Hitler con turbante
"Los judíos y los americanos no tendrán seguridad mientras nosotros vivamos ", afirma el comunicado de Al Qaeda que reivindica los atentados contra dos sinagogas de Estambul. Ese texto, difundido por el diario Al Quds Al Arabi, exige que la "coalición de los cruzados" evacue "todas la tierras musulmanas profanadas por los judíos y los norteamericanos". Una y otra vez, la organización de Bin Laden habla de judíos, señalando así a toda una comunidad, una cultura y una religión presentes en muchos países. El enemigo de Al Qaeda no son los ultras de Sharon, ni tan siquiera los israelíes sionistas, sino los judíos. Lo suyo es antisemitismo puro y duro.
Aunque surgido en Oriente, el yihadismo proclama así su parentesco con totalitarismos occidentales como el nazismo y el estalinismo, y su distanciamiento de la religión islámica. El antisemitismo no es característico del islam; al contrario, los judíos vivieron mejor secularmente en este mundo que en la Europa cristiana. A países musulmanes fueron a vivir los sefardíes expulsados en 1492 y los árabes y musulmanes no tuvieron nada que ver con la fabricación de Los Protocolos de los Sabios de Sión ni con el holocausto, atrocidades cometidas por europeos. Pero es cierto que el antisemitismo crece en el mundo islámico, como lo demuestran artículos de prensa y series televisivas antijudíos, la popularidad de Los Protocolos y las declaraciones del ya ex primer ministro de Malaisia, Mahatir Mohamad, identificando a los judíos con una supuesta política de control del planeta.

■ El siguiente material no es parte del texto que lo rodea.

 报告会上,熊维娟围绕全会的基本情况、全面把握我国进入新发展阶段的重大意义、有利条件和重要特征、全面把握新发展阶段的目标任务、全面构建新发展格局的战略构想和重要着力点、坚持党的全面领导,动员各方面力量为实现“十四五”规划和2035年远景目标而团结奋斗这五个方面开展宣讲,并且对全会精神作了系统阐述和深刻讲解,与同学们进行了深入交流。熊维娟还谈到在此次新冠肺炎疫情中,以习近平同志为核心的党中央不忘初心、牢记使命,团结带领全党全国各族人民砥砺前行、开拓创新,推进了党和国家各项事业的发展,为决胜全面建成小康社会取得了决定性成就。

Ese auge del antisemitismo tiene relación con los sufrimientos palestinos, la política del Gobierno israelí y el doble rasero estadounidense en Tierra Santa. Pero en el caso de la nebulosa de grupos que giran en torno a Bin Laden el antisemitismo va más allá. Es una componente esencial de su ideología totalitaria. El yihadismo, y de ahí que su atractivo desborde el marco árabe y alcance a asiáticos, africanos y hasta occidentales, es un puchero en el que se cuecen una interpretación reaccionaria del islam, la wahabí, con otros elementos: el antisemitismo, el antiamericanismo y la protesta nihilista contra el sistema, contra la globalización, contra todas las injusticias, reales o imaginarias, del mundo. De ahí que no pueda ser destruido tan sólo por métodos policiales y militares, sino que exija un tratamiento global, que incluya poderosos recursos políticos, económicos e ideológicos.

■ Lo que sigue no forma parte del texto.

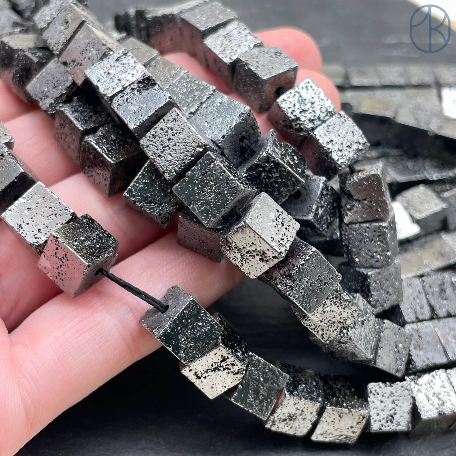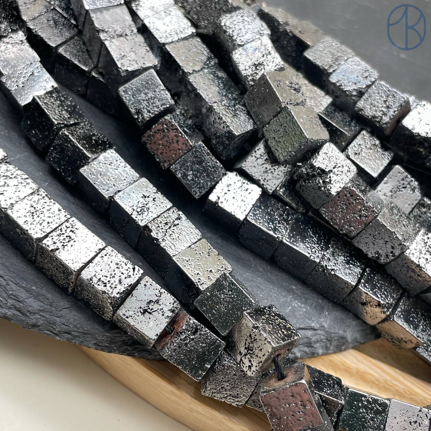 Лава Вулканическая куб с покрытием темное серебро 8 мм

Los atentados de Estambul, que siguen a barbaridades antisemitas en Yerba, Casablanca y Mombasa, demuestran también el fracaso de la política de EE UU desde el 11-S. Esta política no ha afrontado las causas del yihadismo y ni tan siquiera ha logrado paliar sus efectos. Al contrario, con la guerra de Irak ha reforzado las causas y exacerbado los efectos. Bin Laden, cuyo diabólico talento es indiscutible, ha querido en Estambul matar judíos porque sí, borrar los últimos restos de presencia judía en tierras musulmanas y complicarle las cosas al islamismo moderado de Erdogan que gobierna Turquía. La respuesta debería estar a la altura de la inteligencia del Hitler con turbante que se esconde en una cueva afgana.